TJ24.4 Development and Evaluation of a Global Hydrological Ensemble Forecasting System

Tuesday, 8 January 2013: 2:15 PM
Room 10B (Austin Convention Center)
Yu Zhang, Universtiy of Oklahoma, Norman, OK; and Y. Hong, J. J. Gourley, X. Wang, and X. Xue

A Global Hydrological Ensemble Forecasting System (GHEFS) driven by both Real Time (RT) Tropical Rainfall Measurement Mission (TRMM) Multi-satellite Prediction Analysis (TMPA) precipitation ensembles and Global Ensemble Forecast System (GEFS) Quantitative Precipitation Forecast (QPF) ensembles for near real time streamflow simulation and seven-day lead time forecast respectively is under development and evaluation using a physical based Coupled Routing and Excess STorage (CREST) distributed hydrological model. This system provides deterministic and probabilistic (e.g. 95% confidence boundaries of streamflow ensembles) modeling streamflow at both near real time streamflow simulation and seven-day lead time forecast. A sophisticated error model that first quantify the uncertainty in TRMM RT in both temporal dynamics of bias and spatial variability of precipitation estimation error and then generate real time rainfall ensembles by taking TRMM V7 research product as benchmark for the nowcasting mode. For the forecasting mode, the system is forced by GEFS precipitation products which utilize the Ensemble Transform method to account for the uncertainty of forecasts from initial condition errors.

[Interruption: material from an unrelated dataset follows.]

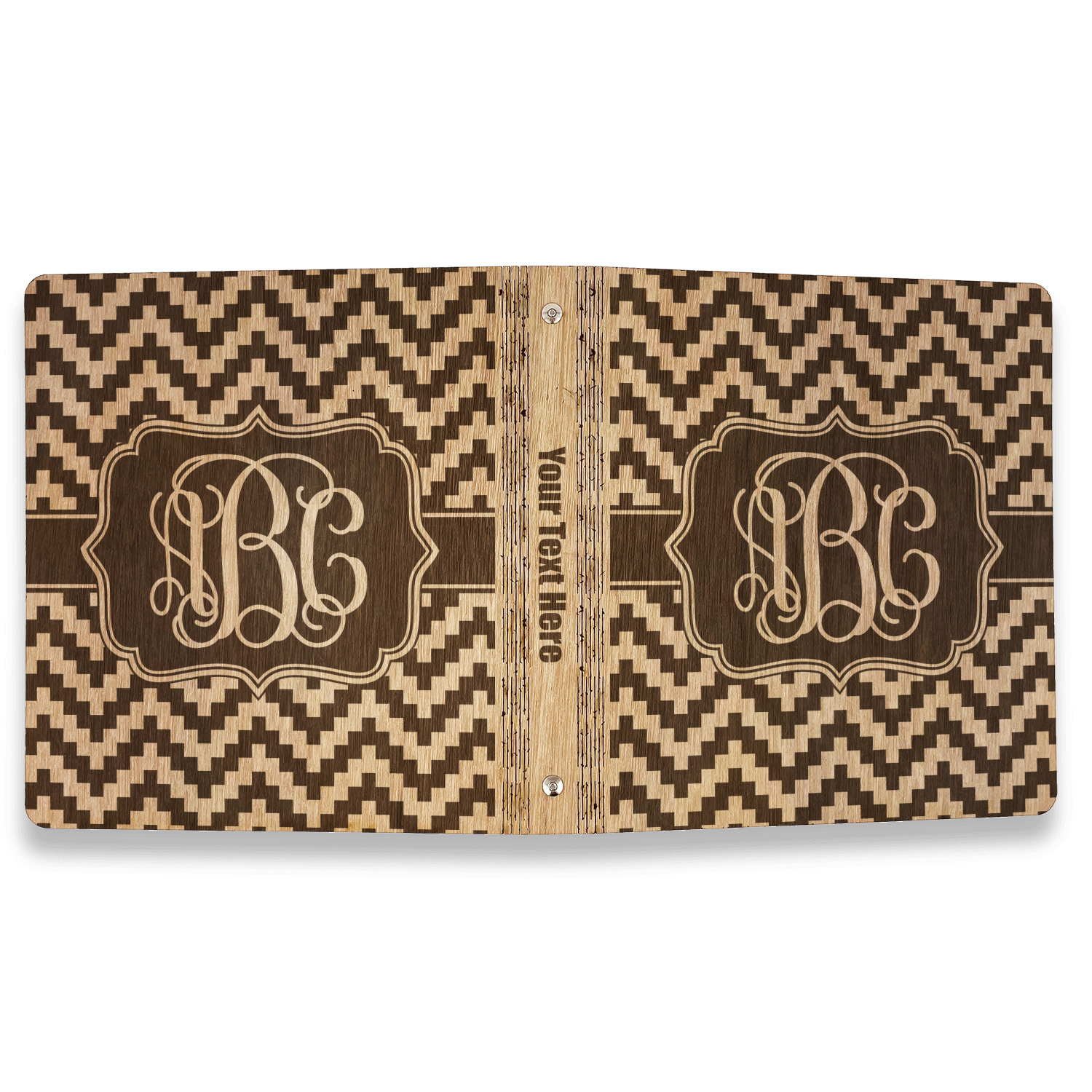 Made from premium hardwood, these are laser engraved then polished with wax to give a nice sheen and smooth feel to the product. The inside of the binders are finished with a faux leather material which is bonded to the inside of the wood to strengthen the wood and give the inside the same refined finish. The rustic brown and gold leather material adds a nice classic touch to the binders.

Furthermore, a sequential data assimilation approach - Ensemble Kalman Filter (EnKF) is applied to count in the observation error and the uncertainties in the model initial condition. EnKF updates all the internal states for the CREST model whenever the observation (e.g. streamflow) is available. The GHEFS is validated in several basins inside the U.S. and other continents in terms of flood detection capability (e.g. NSCE, Peak Timing), indicating improved prognostic capability by increasing lead time and providing probabilistic outputs, thus offering more time for responding agencies and yielding unique uncertainty information about the magnitude of the forecast impacts.